### EXERCISE BRIEF
Should any entry include an image, skip the image and copy the entry exactly.

### RECORDS TO PROCESS

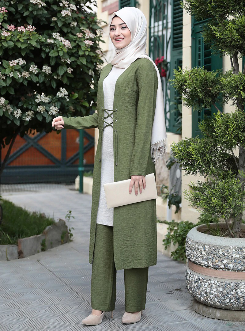 Elegant three pieces muslim sets Worship service robe suits top dress + pants + outer Robes
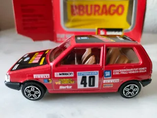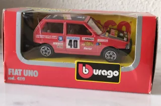 Reproducción del Fiat Uno Rally a escala 1/43. Medidas: 9 x 4 centímetros. Impecable, no se ha usado nunca. Mantiene su caja original. Marca: Burago Regalo para adultos, coleccionistas o niños.
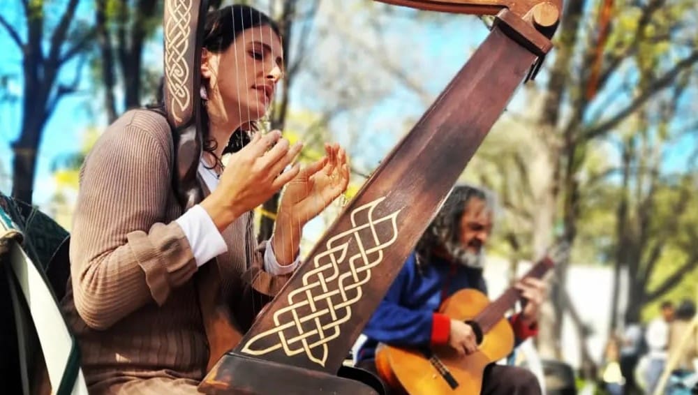 ¿Quiénes se van a estar presentando el domingo? El duelo de arpa y guitarra: Casa de Piedra. El repertorio que van a presentar es de música sefardí, música medieval y barroca francesa, y canciones propias que tienen un aire antiguo. También, la pareja presentará otro repertorio de sólo sus canciones (composición musical y poesías) con arpa, guitarra y voces.
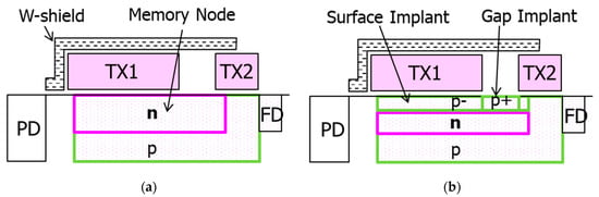 In order to suppress the dark current, we adopted the full pinned MN structure [8,9]. Figure 4 shows the cross-section schematics of (a) conventional MN and (b) full pinned MN. The adopted MN has p-type implants, both under the poly-Si gates, and in the gap between TX1 and TX2, in order to accumulate holes at the surface with negative gate biasing. The surface p-type implant makes the MN’s threshold voltage higher and increases hole accumulation with the negative gate biasing. Due to the lower effectiveness of negative gate biasing in the region in the gap, a high concentration p-type implant to the gap is required in order to accumulate holes in the gap. However, the higher p-type concentration in the gap can make a potential barrier in the gap, which can make it difficult for electrons to transfer from MN to FD. Therefore, the dosage of the p-type implant to the gap should be determined considering FWC and the image lag of the MN.
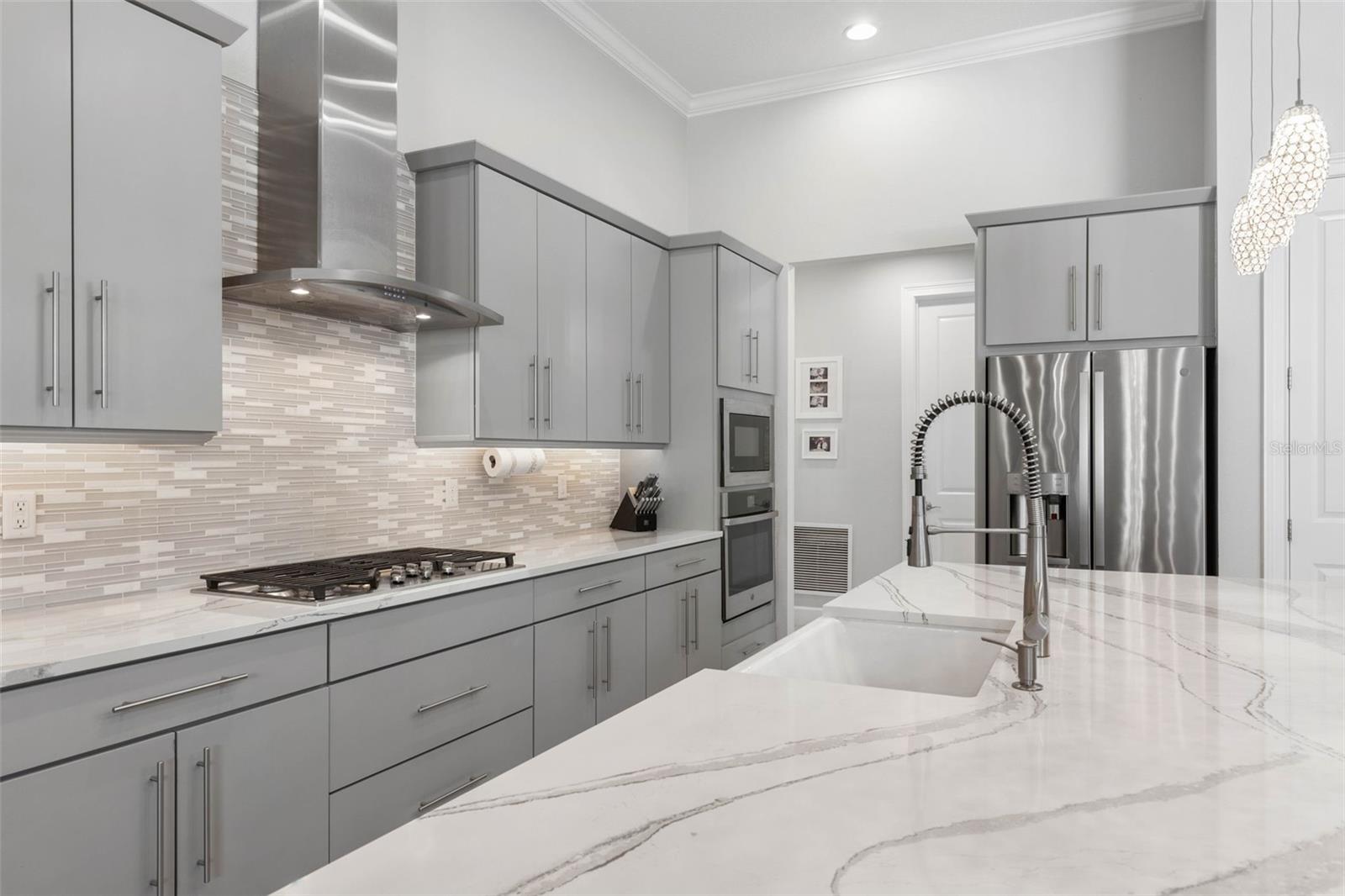 The gourmet kitchen features Cambria quartz countertops, GE Profile stainless steel appliances, and a gas cooktop and hood designed for serious culinary enthusiasts. The oversized island and breakfast nook both enjoy sweeping views of the pool and waterway.
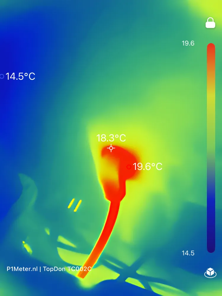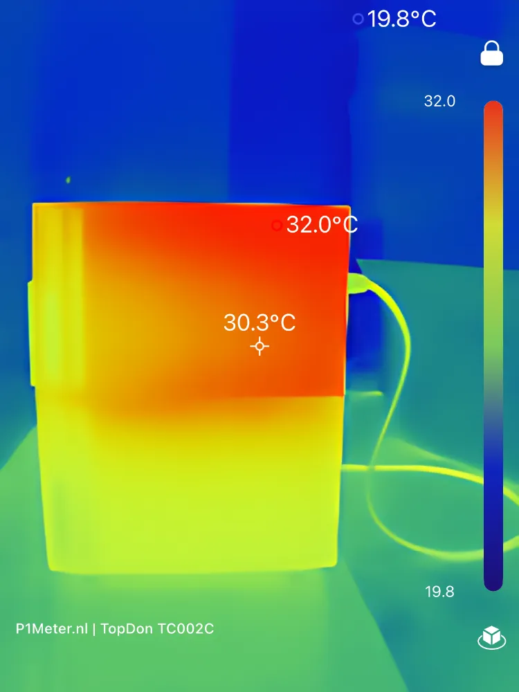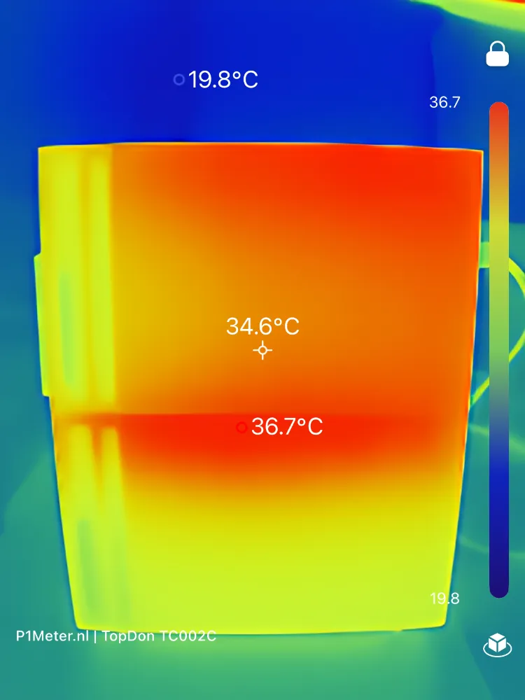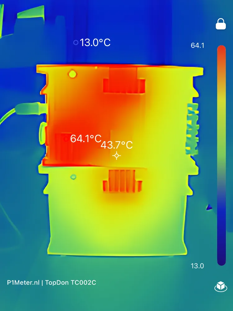 Deze metingen tonen aan dat de warmteontwikkeling exact plaatsvindt waar je het verwacht: bij het omvormergedeelte en bij de batterijmodule die het zwaarst belast wordt. Temperaturen rond de 65–70°C aan koelribben zijn normaal voor passief gekoelde stekkerbatterijen, die intern ontworpen zijn voor aanzienlijk hogere maximale temperaturen.

### WRITTEN SOLUTION
 Elegant three pieces muslim sets Worship service robe suits top dress + pants + outer Robes
 Reproducción del Fiat Uno Rally a escala 1/43. Medidas: 9 x 4 centímetros. Impecable, no se ha usado nunca. Mantiene su caja original. Marca: Burago Regalo para adultos, coleccionistas o niños.
 ¿Quiénes se van a estar presentando el domingo? El duelo de arpa y guitarra: Casa de Piedra. El repertorio que van a presentar es de música sefardí, música medieval y barroca francesa, y canciones propias que tienen un aire antiguo. También, la pareja presentará otro repertorio de sólo sus canciones (composición musical y poesías) con arpa, guitarra y voces.
 In order to suppress the dark current, we adopted the full pinned MN structure [8,9]. Figure 4 shows the cross-section schematics of (a) conventional MN and (b) full pinned MN. The adopted MN has p-type implants, both under the poly-Si gates, and in the gap between TX1 and TX2, in order to accumulate holes at the surface with negative gate biasing. The surface p-type implant makes the MN’s threshold voltage higher and increases hole accumulation with the negative gate biasing. Due to the lower effectiveness of negative gate biasing in the region in the gap, a high concentration p-type implant to the gap is required in order to accumulate holes in the gap. However, the higher p-type concentration in the gap can make a potential barrier in the gap, which can make it difficult for electrons to transfer from MN to FD. Therefore, the dosage of the p-type implant to the gap should be determined considering FWC and the image lag of the MN.
 The gourmet kitchen features Cambria quartz countertops, GE Profile stainless steel appliances, and a gas cooktop and hood designed for serious culinary enthusiasts. The oversized island and breakfast nook both enjoy sweeping views of the pool and waterway.
 Deze metingen tonen aan dat de warmteontwikkeling exact plaatsvindt waar je het verwacht: bij het omvormergedeelte en bij de batterijmodule die het zwaarst belast wordt. Temperaturen rond de 65–70°C aan koelribben zijn normaal voor passief gekoelde stekkerbatterijen, die intern ontworpen zijn voor aanzienlijk hogere maximale temperaturen.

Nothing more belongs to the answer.